He met his wife, Helen King, while at college. He and his brother attended the church where her father, Dr. King, was minister during his college and university days in Toronto. Later, when Gordon had taken up the position offered to him in Winnipeg, he was reacquainted with Helen who had moved out West with her family when Dr. King was given the position of first principal of Manitoba College. They were married in Toronto in 1899. As Wilson has summarized, "With her strong convictions, efficiency and dedication, she was to prove a source of real strength to him." Together, they had one son (J. King Gordon) and six daughters. All of their children graduated from the University of Manitoba, continuing on the strong scholarly legacy of their parents. Despite Gordon's many duties, he remained close to his family at all times.

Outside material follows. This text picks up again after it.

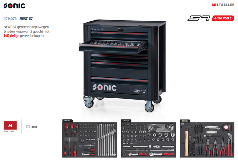 De NEXT S7 is een instap-/middenklasse gereedschapswagen, ontworpen om een compacte maar toch efficiënte werkoplossing te bieden voor werkplaatsen en technici. De wagen is compleet geleverd met een assortiment van 140 delen gereedschap.

Gordon continued working right up until a few days before his death on October 31, 1937. His passion for preaching, ministering to spiritual needs, and serving social reform never abated.

== Career ==

=== Religion and ministerial career ===
While attending the University of Toronto, Gordon was inspired by a lecture given by Reverend James Robertson, the Presbyterian superintendent of missions to Manitoba and the North West. His passionate discussion of missions to Canada West caught Gordon's attention, so much so that Gordon volunteered to spend the spring and summer of 1885 in a mission field in Manitoba. There, Gordon was set the task of organizing parish life for the settlers in the province created by Louis Riel's last armed resistance. After the summer, Gordon went back home to the East, but later returned West, answering what he perceived to be the call on his life to minister to Canada West. As author and historian Christopher Dummitt has explained, "His future success was built on this decision."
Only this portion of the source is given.